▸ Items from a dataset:
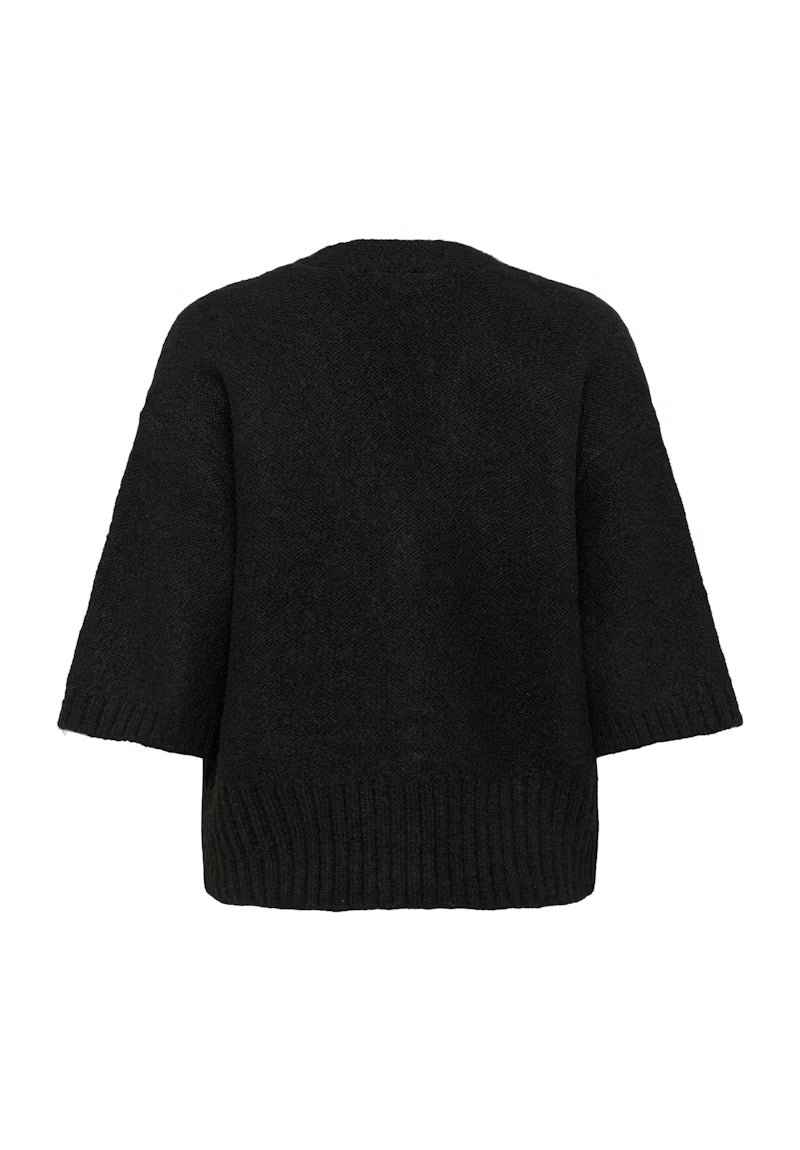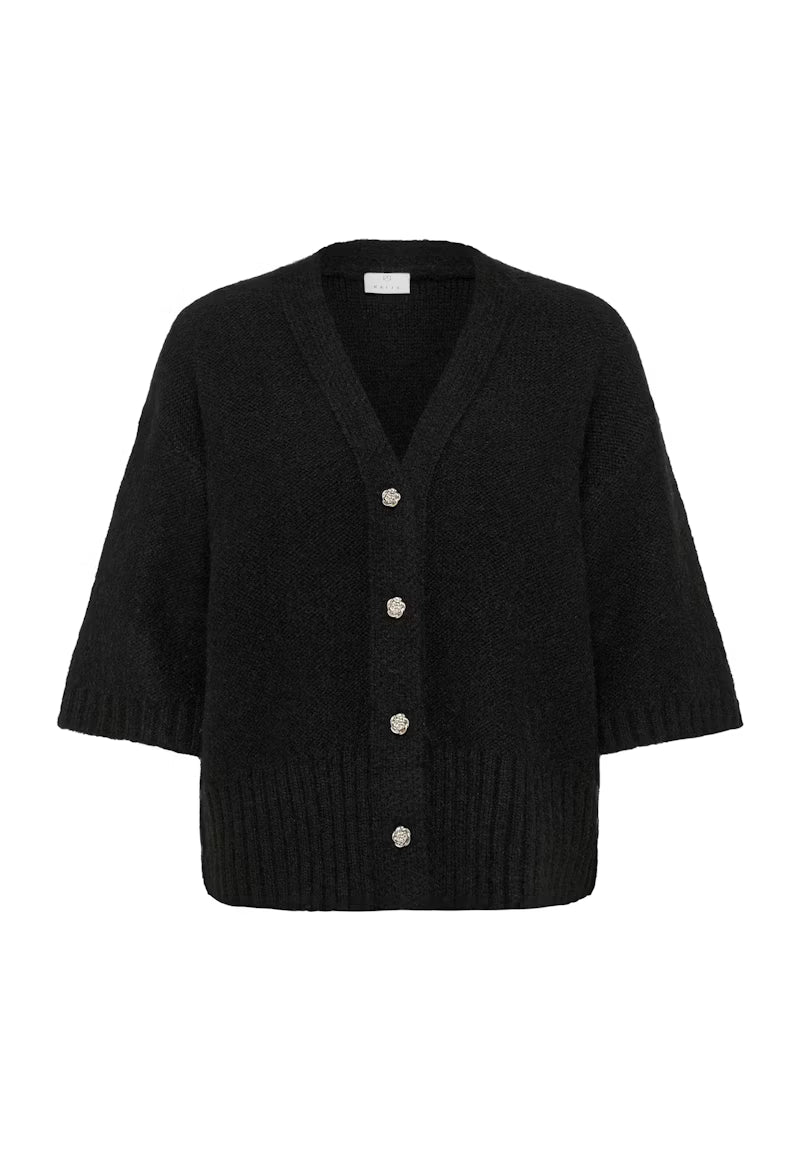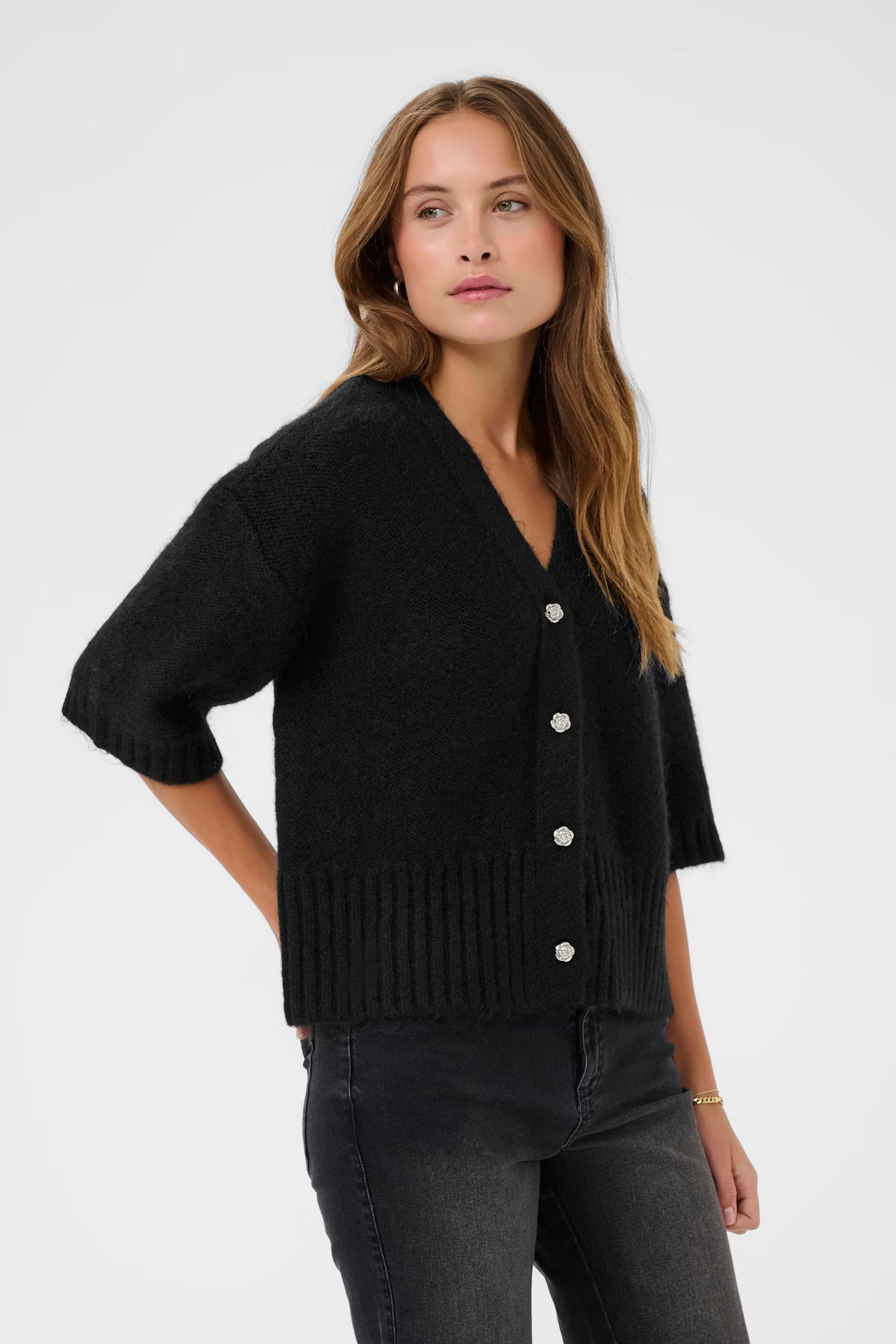 This women’s cardigan features a relaxed fit, cropped length, and V-neckline. Elbow-length sleeves and textured buttons offer chic style and versatile layering comfort.
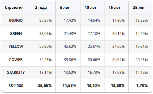 | Стратегия | 2 года | 5 лет | 10 лет | 15 лет | 25 лет |
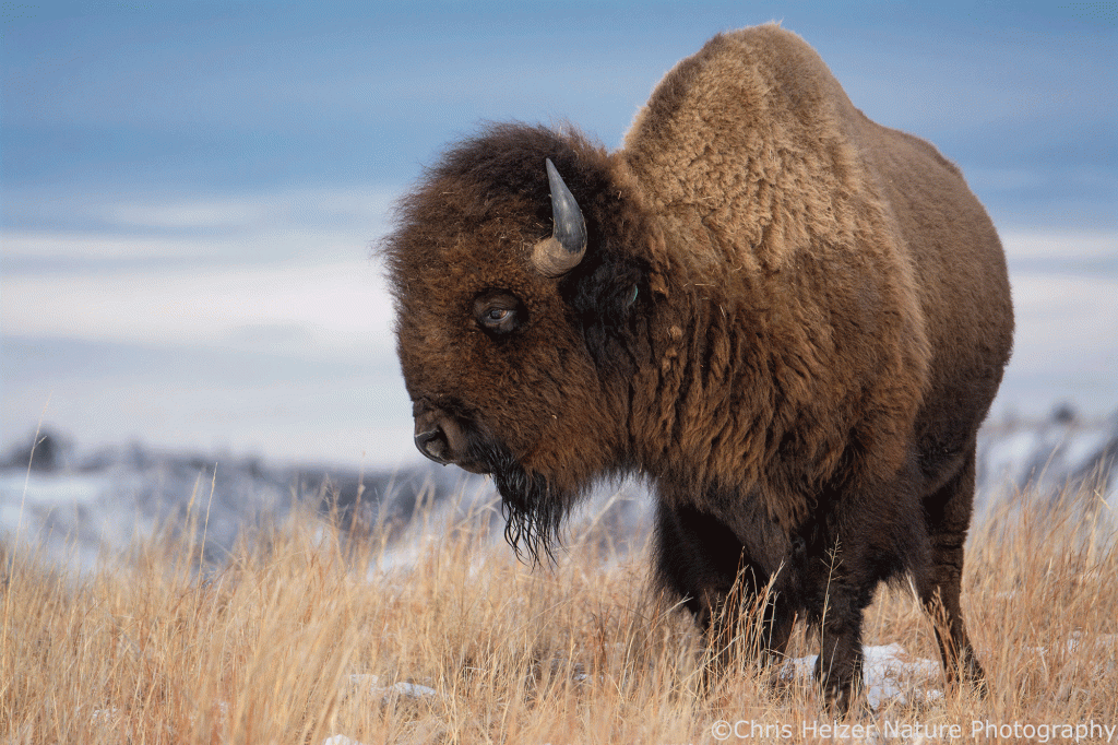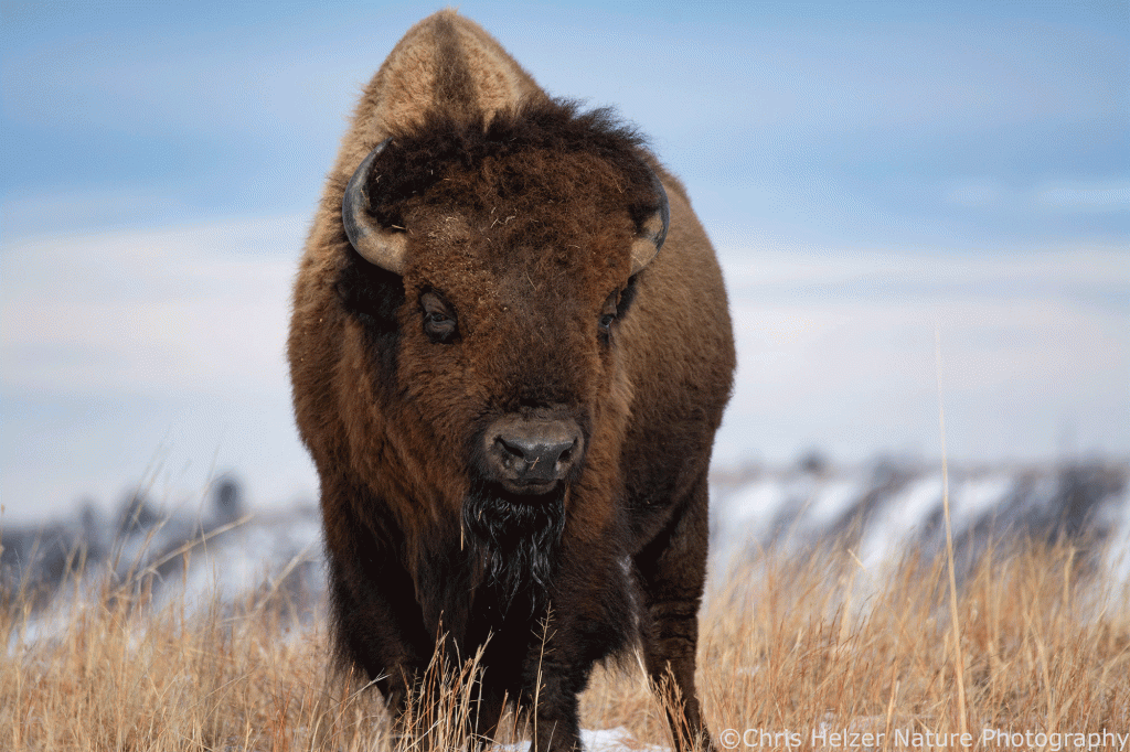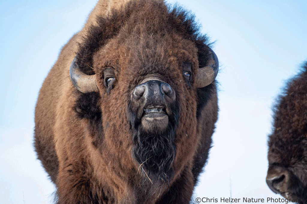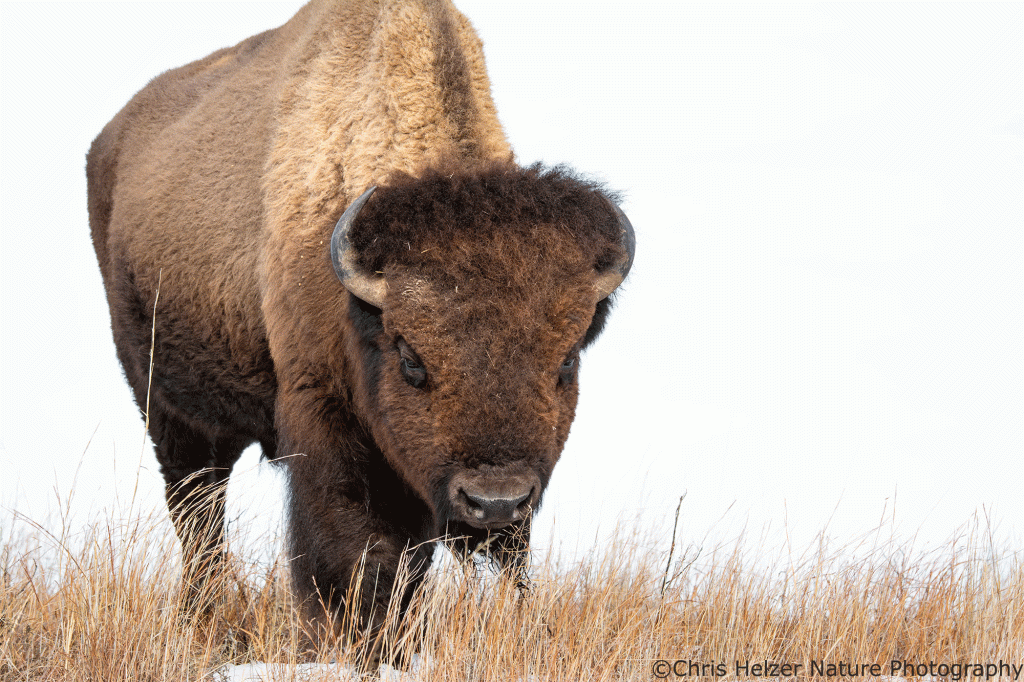 Here are two photos that I liked with nearly or completely white backgrounds, followed by an example of an image with both backgrounds. I can’t decide which I like better. It’s also an interesting philosophical conundrum: which is the ‘right’ way to depict the bison and its surroundings? Neither is the way the camera produced the scene, so both are artistic renditions. The blue sky is more like what my eyes and brain registered at the time, which is usually my guiding star when editing. On the other hand, the bison with a white background is pretty eye-catching, and since one of my aims is to get people to care about conservation, powerful images are important and helpful.
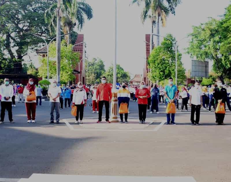 JATIMPOS.CO //KABUPATEN MOJOKERTO,- Cuti dari Jabatan Bupati, karena ikuti Pilkada serentak 2020. Bupati Mojokerto Pungkasiadi berpesan pada seluruh karyawan-karyawati Pemerintah Kabupaten Mojokerto untuk tetap produktif dan tak kendor meski harus bekerja dalam masa pandemi Covid-19. Wejangan tersebut dituturkan pada kegiatan senam bersama serta pemberian bantuan sembako pada 306 orang tenaga harian lepas (THL) lingkup pemkab dan kecamatan.
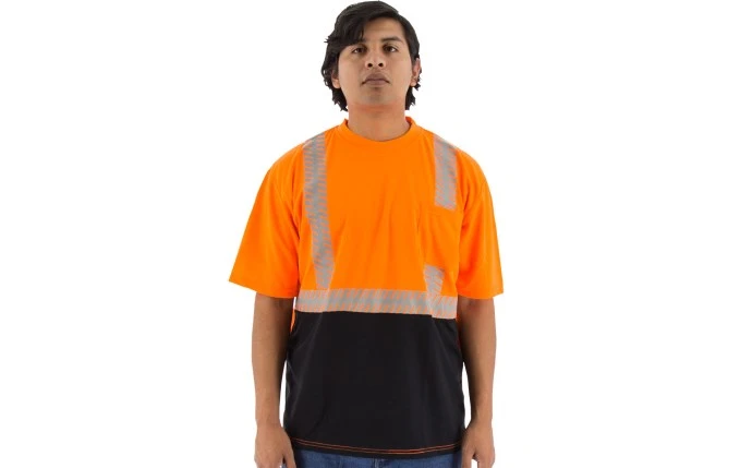 High Visibility Short Sleeve Shirt with Reflective Chainsaw Striping, ANSI 2, R, Orange/Black #75-5216-Logo (Logo Included)
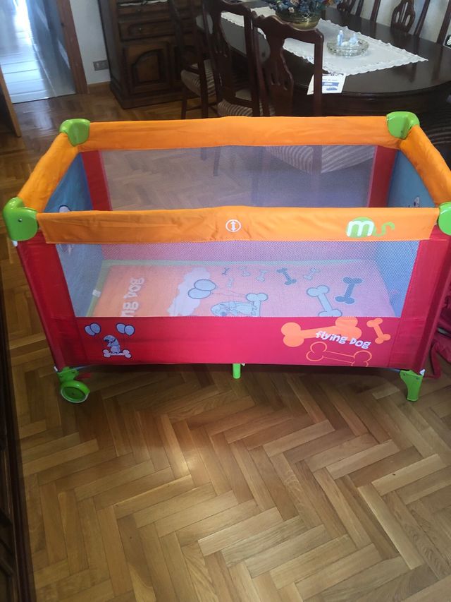 Cuan de viaje con dos posibles alturas. Prácticamente nueva. Fácil montaje y recogida. Con libro de instrucciones. Lleva ruedas con freno.

▸ EXERCISE GOAL: Reproduce the entries above exactly, without images.

▸ THE ANSWER:
 This women’s cardigan features a relaxed fit, cropped length, and V-neckline. Elbow-length sleeves and textured buttons offer chic style and versatile layering comfort.
 | Стратегия | 2 года | 5 лет | 10 лет | 15 лет | 25 лет |
 Here are two photos that I liked with nearly or completely white backgrounds, followed by an example of an image with both backgrounds. I can’t decide which I like better. It’s also an interesting philosophical conundrum: which is the ‘right’ way to depict the bison and its surroundings? Neither is the way the camera produced the scene, so both are artistic renditions. The blue sky is more like what my eyes and brain registered at the time, which is usually my guiding star when editing. On the other hand, the bison with a white background is pretty eye-catching, and since one of my aims is to get people to care about conservation, powerful images are important and helpful.
 JATIMPOS.CO //KABUPATEN MOJOKERTO,- Cuti dari Jabatan Bupati, karena ikuti Pilkada serentak 2020. Bupati Mojokerto Pungkasiadi berpesan pada seluruh karyawan-karyawati Pemerintah Kabupaten Mojokerto untuk tetap produktif dan tak kendor meski harus bekerja dalam masa pandemi Covid-19. Wejangan tersebut dituturkan pada kegiatan senam bersama serta pemberian bantuan sembako pada 306 orang tenaga harian lepas (THL) lingkup pemkab dan kecamatan.
 High Visibility Short Sleeve Shirt with Reflective Chainsaw Striping, ANSI 2, R, Orange/Black #75-5216-Logo (Logo Included)
 Cuan de viaje con dos posibles alturas. Prácticamente nueva. Fácil montaje y recogida. Con libro de instrucciones. Lleva ruedas con freno.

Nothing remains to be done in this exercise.